ODP core orientation designates the positive x-axis direction as the horizontal direction ("geomagnetic north" in a global coordinate reference frame) from the center of the core to the median line between a pair of lines inscribed lengthwise on the working half of each core liner (Fig. F14). Continuous measurements of NRM and remanence were made on the archive half of the core using the pass-through cryogenic magnetometer. Remanence measurements were made at demagnetization steps of 10, 20, and 30 mT at intervals of 5-10 cm.
Rock magnetic experiments were conducted on selected discrete samples to identify the magnetic minerals in sediments. Thermal demagnetization of multicomponent isothermal remanent magnetization (Lowrie, 1990) was used as the primary means of identifying the magnetic composition of magnetic minerals. For these experiments, orthogonally applied fields of 1.0, 0.3, and 0.1 T were used to generate the IRM components. The samples were then demagnetized using 15 thermal steps from 50° to 650°C.

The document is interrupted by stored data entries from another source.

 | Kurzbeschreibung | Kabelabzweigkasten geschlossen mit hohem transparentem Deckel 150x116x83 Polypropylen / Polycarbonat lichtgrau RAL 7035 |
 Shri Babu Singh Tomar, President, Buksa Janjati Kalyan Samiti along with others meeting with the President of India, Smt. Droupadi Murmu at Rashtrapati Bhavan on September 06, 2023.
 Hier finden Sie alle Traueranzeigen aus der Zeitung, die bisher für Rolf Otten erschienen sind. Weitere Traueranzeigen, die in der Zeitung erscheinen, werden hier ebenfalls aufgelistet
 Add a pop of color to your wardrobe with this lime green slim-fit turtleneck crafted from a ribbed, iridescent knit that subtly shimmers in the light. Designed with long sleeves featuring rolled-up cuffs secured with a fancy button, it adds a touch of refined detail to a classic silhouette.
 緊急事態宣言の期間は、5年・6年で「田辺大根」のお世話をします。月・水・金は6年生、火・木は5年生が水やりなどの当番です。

For the study, one to two discrete oriented samples were acquired from each section of the working half of the core. Plastic cubes (8 cm3 and 1 cm3) were used for soft sediments, and 10-cm3 minicores were cut from sections of crystalline and igneous rock. Paleomagnetic measurement of some core samples was also conducted for azimuth reorientation of structure observed in the cores.

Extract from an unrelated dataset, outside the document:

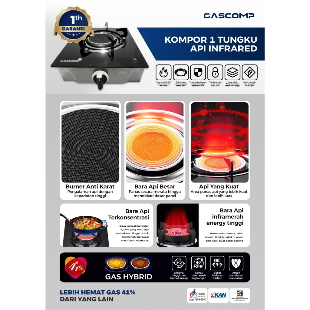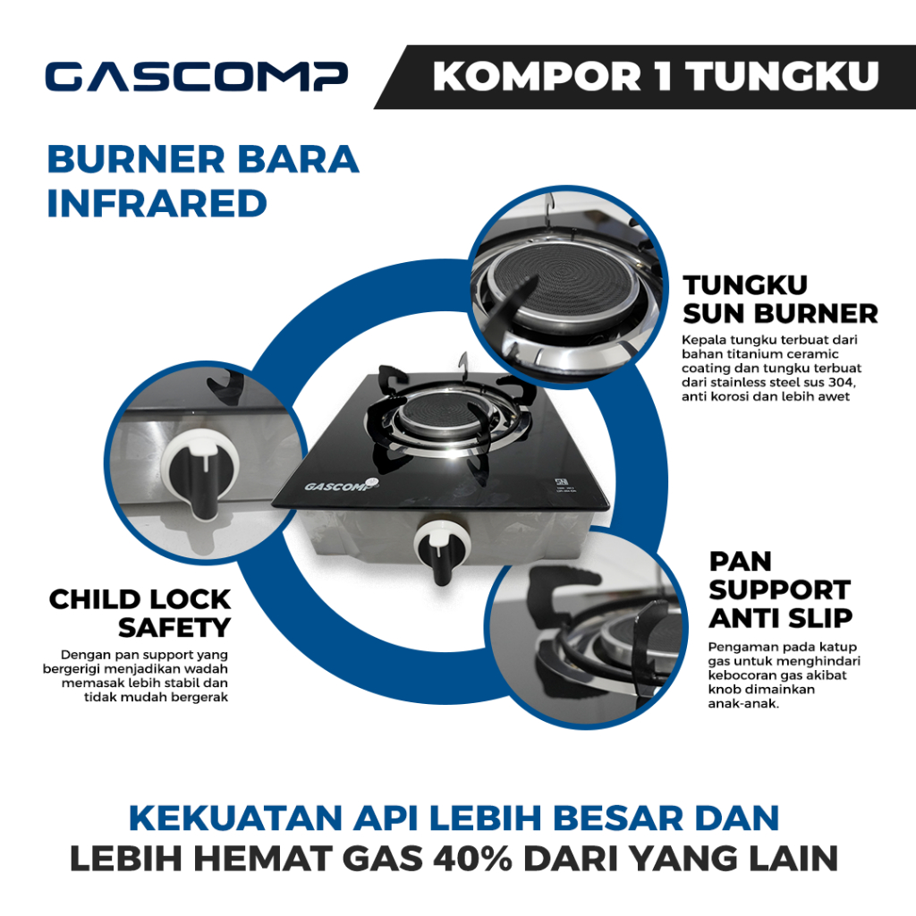 GASCOMP Kompor Gas 1 Tungku Kompor Bara ST01 IR Kompor Gas Kaca Tungku 1 Infrared dengan Api Bara Masak dan Panggang Lebih Cepat Merata

During Leg 205, only RCB coring was performed. Reorientation of the rotated portions, caused by RCB drilling, was accomplished by using paleomagnetic results on the archive half of the core. Core orientation was also performed using discrete samples from the working half of the core. Characteristic inclination and declination directions were isolated by stepwise AF demagnetization. The core orientations were rotated to 180° when reversed polarity was observed in the samples.
Some discrete samples need additional reorientation after the paleomagnetic measurement. When the discrete samples are set on the tray of the cryogenic magnetometer upside down, the system control program cannot work to correct their direction even though the program has a reorientation command. In this case, measured +x- and +y-axes must be changed into -x- and -y-axes, respectively. Otherwise, magnetic declination of the samples shows the opposite direction. The discrete samples taken from the working half should be set on the tray following the basic coordinate system for the archive-half core (Fig. F14) to prevent direction troubles caused by program errors.
The magnetic polarity timescale of Berggren et al. (1995a, 1995b) was used when interpreting observed polarity boundaries (Fig. F15). Additional geomagnetic short events (subchrons) that may prove to be useful stratigraphic markers are short reversals within long-period geomagnetic chrons such as the Brunhes (0.0-0.78 Ma)-Matuyama (0.78-2.581 Ma) polarity chrons. Because of difficulty in identifying the polarity timescale without shipboard micropaleontological data, observed polarity boundaries on this cruise were simply compared with previous paleomagnetic results from Leg 170 for confirmation of polarity age.